Lobsang Sangay pays respect to a portrait of the Dalai Lama at the 13th North America Tibetan Associations (NATA) Conference in Washington, Aug. 30, 2014.

The head of Tibet’s government-in-exile has rejected a claim by Chinese authorities that the Dalai Lama is in talks with Beijing through his envoys about the possibility of his return to Tibet.

But Lobsang Sangay, the political leader of the India-based Central Tibetan Administration (CTA), left open the possibility of any official dialogue between the two sides aimed at bringing about a resolution to the Tibet question.

“As we have always been transparent, right now there isn’t any official contact or dialogue taking place [with the Chinese leadership],” Sangay told RFA’s Tibetan Service.
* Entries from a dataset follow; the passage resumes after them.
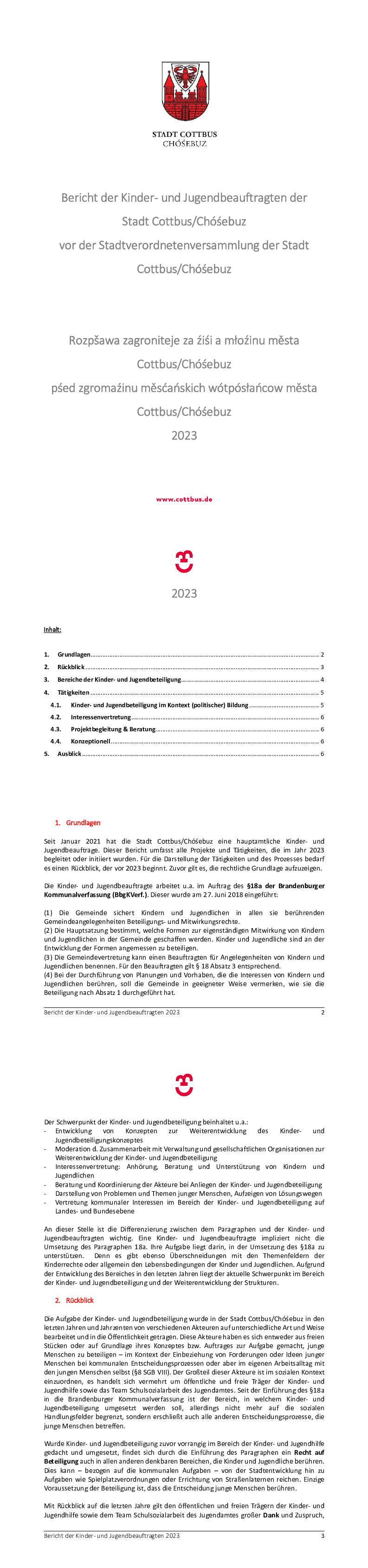 Tätigkeitsbericht der Kinder und Jugendbeauftragten 2024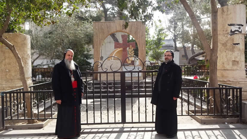 A pocos metros de la catedral, se encuentra un colegio y una misión de los jesuitas. Durante la ocupación de los terroristas, fue masacrado un misionero jesuita, el Padre Franz, que había pasado más de 40 años en Siria y era respetado y amado por todos. Se le considera mártir. En la foto 8, Mor Santiago Eduardo en el lugar del martirio y de la tumba, junto al Padre Miguel Daruf, jesuita, superior de la casa.
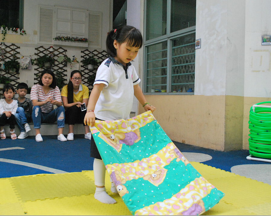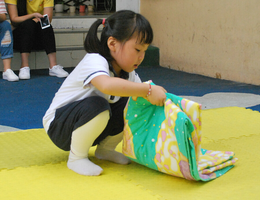比赛前,教师先介绍比赛的规则和注意事项,同时还邀请了一位小朋友来给大家做正确的示范,然后紧接着谢老师一声令下,比赛开始啦!只见孩子们各就各位。按 照分好的小组有序并迅速的整理起自己的被子,小手不停的摆弄着,有的两个小朋友一起合作,动作娴熟,一气呵成。不一会儿,“豆腐块”状的被子就成形了,孩 子们看着自己的劳动成果,体会到了成功的快乐,真是有趣而富有意义。作为老师,我们也感到无比欣慰,孩子们长大了,能够体验到生活自理的乐趣了。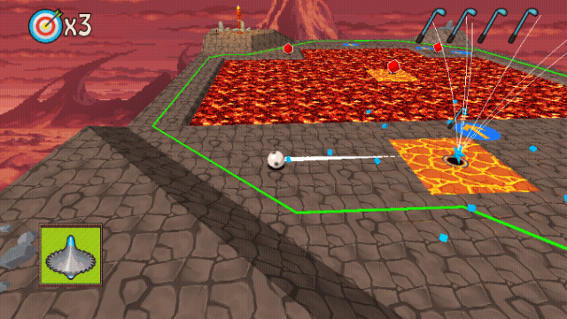 Here we have a lot of new hazards, tricky layouts, and environmental puzzles that take full advantage of 2 new abilities and some Binary Golf mechanics. This course is not as easy as the first course, but still, it's easy.

“If dialogues are to take place, as we stressed earlier, it would be between the envoys of His Holiness the Dalai Lama and representatives of the new Chinese leadership,” he said. “It has been like this before and will remain like this in the future.”

China’s government in the Tibetan Autonomous Region (TAR) claimed last week that the Dalai Lama, Tibet’s spiritual leader, was in discussions with Beijing through his “personal envoys” but the talks were only about the possibility of his return to Tibet.
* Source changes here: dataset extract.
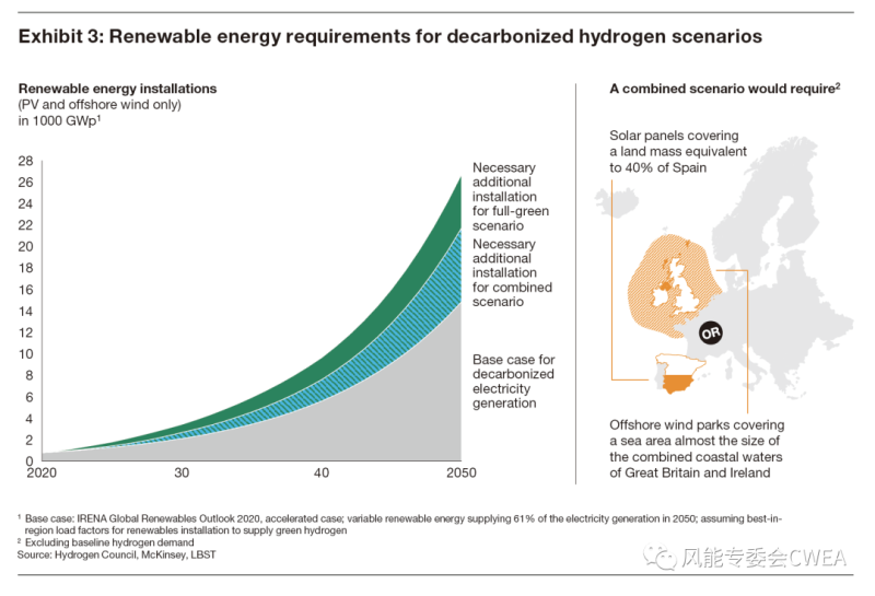 氫脫碳情景下可再生能源需求情況(混合模式下,用太陽能的話面積相當(dāng)于40%西班牙國土面積,用海上風(fēng)電則需要在英國和愛爾蘭海域全部安裝上風(fēng)機(jī))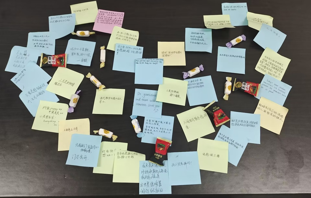 观影过程中,学生们的心情随着电影剧情而跌宕起伏,与影片故事产生了共鸣。大家时而哄堂大笑、时而化身主角如亲临大型社死现场、时而被主角之间流露的亲情所感动。“这是一个很有趣的奇幻故事,也是一段独特的心路历程。”“或许试着接受不完美的自己会更好呢?”“成长的烦恼,如洪水猛兽,与其惊慌失措,不如与他和解……”观影结束后,同学们积极表达了自己对这部电影的想法感受。

Wu Yingjie, the deputy secretary of the ruling Chinese Communist Party’s Committee for Tibet, had told a group of Indian journalists on a special visit to the TAR capital Lhasa that the talks with the Dalai Lama were “ongoing and always smooth, but we are discussing only his future, not Tibet’s.”
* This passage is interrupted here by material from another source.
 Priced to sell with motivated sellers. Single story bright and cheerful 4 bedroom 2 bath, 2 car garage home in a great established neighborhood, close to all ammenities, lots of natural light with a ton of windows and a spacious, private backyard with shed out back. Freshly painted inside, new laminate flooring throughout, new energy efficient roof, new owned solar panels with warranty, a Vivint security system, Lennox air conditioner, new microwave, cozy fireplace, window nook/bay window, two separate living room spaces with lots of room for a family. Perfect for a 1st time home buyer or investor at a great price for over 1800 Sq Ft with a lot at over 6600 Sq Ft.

“All Tibetans, including the Dalai Lama and the people around him, can return if they accept Tibet and Taiwan as part of China, and give up ‘splittist’ efforts,” The Hindu newspaper of India quoted Wu as saying. He claimed that many Tibetan leaders in exile had chosen to return to Tibet in recent years.

The Dalai Lama fled into exile in India in the midst of a failed national uprising in Tibet against Chinese occupation in 1959, and the Chinese government has repeatedly accused exiled Tibetans, including the Dalai Lama, of stoking dissent against its rule ever since.

Talks held on Tibet’s status between envoys of the Dalai Lama and Beijing stalled in January 2010. There has been no progress in the discussions since then despite calls from U.S. President Barack Obama and other world leaders for a resumption of the Sino-Tibetan dialogue.

“If we receive a signal from the Chinese side and a conducive environment is created for possible dialogue, then our side can easily appoint the envoys [for the talks],” Sangay said.

“We attach more importance to the substance than form of the dialogue,” he said. “So, the most important objective is to resolve the Tibet issue.”

Optimistic

The Dalai Lama had always said he remained optimistic he would be able to return to Tibet, citing political reforms that have taken place over the last few decades.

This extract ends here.